On May 21 in Tunis, bloggers @Slim404 Amamou, Yassine Ayari, and Lina Ben Mhenni filed duly filled forms to request a permit to demonstrate on May 22 as part of the protest. Unfortunately, or predictably, Slim and Yassine were detained by the police on sight for several hours and ultimately renounced their attempt as it was made clear to them that they will not be issued a permit and that their attempt is “forbidden.” They were interrogated, threatened as Slim relates in this video.

the Police demanded that Slim record a video asking people not to show up for the planned demonstration. Apparently, Slim had to negotiate the terms of this “friendly public service announcement.” Afterwards, he had to sign a document saying that he “understood that his call for a demonstration is wrong” and then he was driven out by the police to record that “friendly reminder to stay home” aimed to dissuade people from demonstrating.

On the following day, Aljazeera reported that the Tunisian police made a show of force in front of the Technology and Communication Ministry, the entity behind Tunisia’s state-built great firewall.

World media coverage for these events was scant, covered, Aljazeera hosted an hour long show opening a space for Tunisians to react to this new wave of protest. The show highlighted the Tunisian paradox: it was the first Arab country to introduce the internet, and as such became the pack leader in censorship.

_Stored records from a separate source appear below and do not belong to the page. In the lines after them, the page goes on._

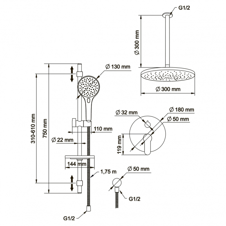 - верхний душ (душевая головка) с регулировкой наклона, потолочный монтаж;
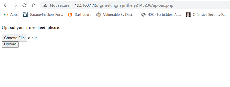 As we can see in the above screenshot, we first used the wget utility to download the exploit; after that, we used the gcc compiler to compile it and the compiler has generated the executable file with the default name a.out. Now we have to move this executable to the target machine. But the target machine does not have the wget utility, so we have to identify the different ways to transfer the exploit on the attacker machine. We know the application having the file upload functionality, so we used that functionary to upload the file on the target system.
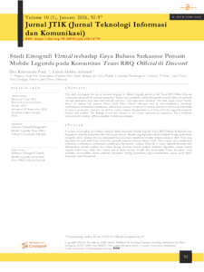 Putri, Dea Rahmanda and Achmad, Zainal Abidin (2026) Studi Etnografi Virtual terhadap Gaya Bahasa Sarkasme Pemain Mobile Legends pada Komunitas Team RRQ Official di Discord. Jurnal JTIK (Jurnal Teknologi Informasi dan Komunikasi), 10 (1). pp. 92-97. ISSN 2580-1643
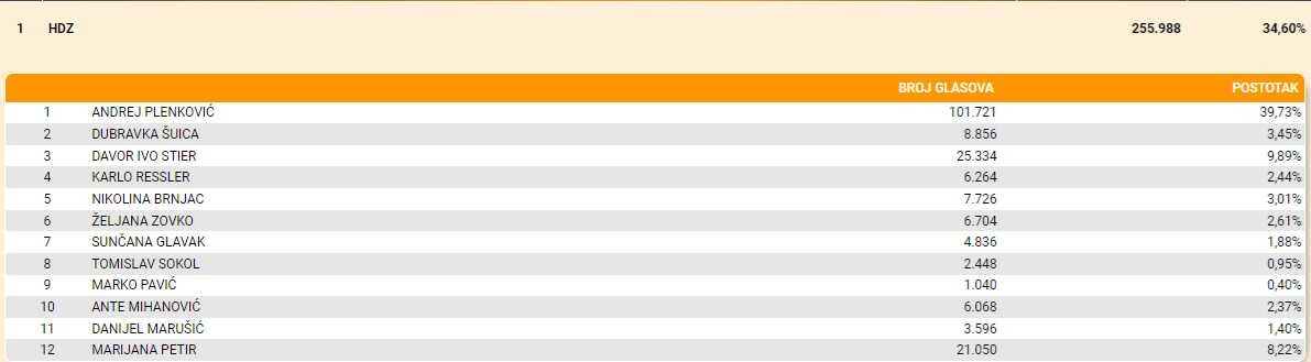 Prema DIP-u , mandate su osvojili Karlo Ressler, Željana Zovko Nikolina Brnjac, Dubravka Šuica, Davor Ivo Stier i Andrej Plenković.

The protest was not limited to Tunisia as tunisians took to the street to protest in several world capitals in front of their country’s embassies and consulates in Bonn, New York, Paris

While the world is busy debating the future of the Middle East and North Africa in light of pressing geopolitical conflicts, tunisians took matters into their hand using an impressive array of social media tools and techniques, they managed to translate online activism to real world actions in a peaceful and respectful way.  Not withstanding some grandiose pronouncements, world powers commitment to securing these freedoms for Arabs has so far been just hot air despite all the prattle about public diplomacy to “win minds and hearts” in the Arab World.

This post is dedicated to the memory of Tunisian dissident and internet activist Zouhair Yahyahoui.